Table 4 H-B model parameters and significance values \({R}^{2}\) based on flow curve measurements at atmospheric pressure for samples with and without barite particles at 20 °C and 90 °C

We also noticed that the yield stress, \({\tau }_{yOSC}\), values which are estimated from oscillatory rheometry are higher than those extrapolated from the flow curves. While the flow curve method predicts an increase in yield stress with increasing temperature, a decrease in yield stress with increasing temperature is predicted from the oscillatory rheometry method.

3.4 Temperature and pressure dependency on barite sag

Barite sag was measured using the setup and procedure described in Sect. 2.5. To ensure consistency of the measurements, we repeated the first test which was conducted at 150 °C and 100 bar and compared their results. Each test took 24 h to measure the initial and final densities. The difference in sag density between the two tests was marginal with an estimate of 4.9%.

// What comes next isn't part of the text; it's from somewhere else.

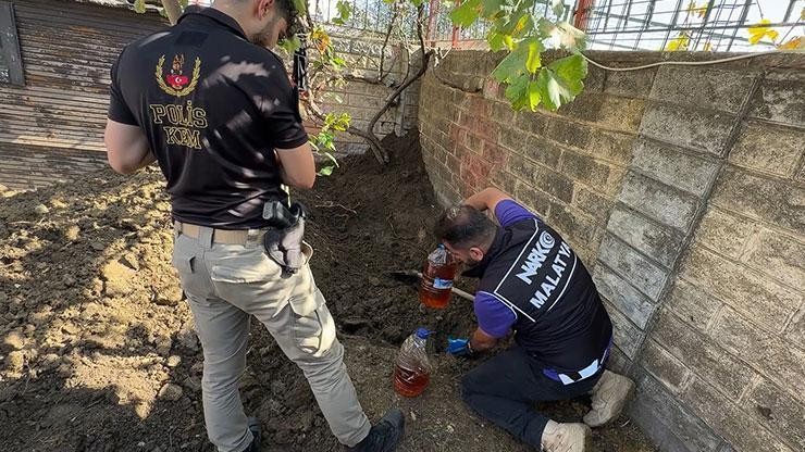Malatya'da merkezli soruşturma sonucunda İstanbul'daki bir adreste yapılan aramada, toprağa gömülü, piyasa değeri 10 milyon TL olan 7 kilo 450 gram sıvı metamfetamin ele geçirildi.
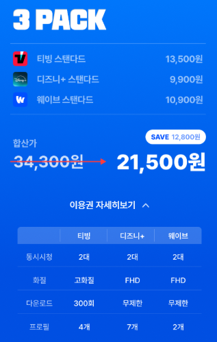 - 3PACK (티빙 + 디즈니+ + 웨이브)

The effects of temperature and pressure on barite sag were evaluated from the density measurements. Figure 9 presents the initial density measurements for the homogenized fluid sample and the final density measurements after a static condition for 24 h at a constant pressure condition of 100 bar. The density change, also known as sag density, is the difference between the initial and final density readings. It is observed that as the system temperature increases, the density of the fluid sample decreases with a significant drop at 200 °C, particularly for the final density measurements. This drop in initial density is as a result of thermal expansion of the fluid. It is worth noting that the sag density increased remarkably more than 20 times as the temperature increased from 50 to 200 °C. The influence of temperature on sag is further shown in Fig. 10 in terms of static sag factor as defined in Eq. (1). It is evident that for the system temperature of 200 °C the sag factor exceeded the threshold value of 0.53, above which barite particles sediment in the fluid sample, thereby creating a density gradient in the fluid column. During drilling operation, a density gradient in the wellbore could result in gas kick at the low-density column, and in the case of oil-based drilling fluid, the gas kick would initially be dissolved in the fluid system until equilibrium saturation is reached. This can lead to well control issues if it is not detected early. Furthermore, the results in Fig. 10 show that the fluid sample will promote very little to no barite sag at system temperatures of 50 °C and 150 °C.

Fig. 9

Temperature dependence on initial and final fluid density at constant pressure of 100 bar

Fig. 10

Temperature dependence on barite sag factor at constant pressure of 100 bar

As shown in Fig. 11, both initial and final densities of the fluid sample increased as a result of increasing pressure at a constant temperature of 150 °C. It should be noted that we can explain the density increase with increasing pressure only in part by the fluid compressibility. The remaining part is not explained. However, we believe this is caused by some systemic effect which would affect both initial and final density measurements and thus not the density change. However, this remains to be verified. The density change or sag density, however, decreased at high pressure condition. This indicates that less particles tend to sediment in the fluid system at high pressures, hence the fluid sample is less prone to barite sag at high pressures. Figure 11 also reveals that the sag density recorded at 800 bar is 5 times less than that measured at 100 bar. The sag factor presented as a function of pressure at 150 °C is shown in Fig. 12. It is observed that the calculated sag factor values at all measured pressure conditions at 150 °C were below the threshold value of 0.53, indicating a favorable condition to avoid sag.

Fig. 11

Pressure dependence on initial and final fluid density at constant temperature of 150 °C

Fig. 12

Pressure dependence on barite sag factor at constant temperature of 150 °C

4 Discussion

Although drilling fluid properties play a key role to minimizing sag, the failure to use proper drilling practices can easily override certain drilling fluid contributions. It should be noted that even drilling fluids with ideal properties cannot fully suspend barite under all conditions.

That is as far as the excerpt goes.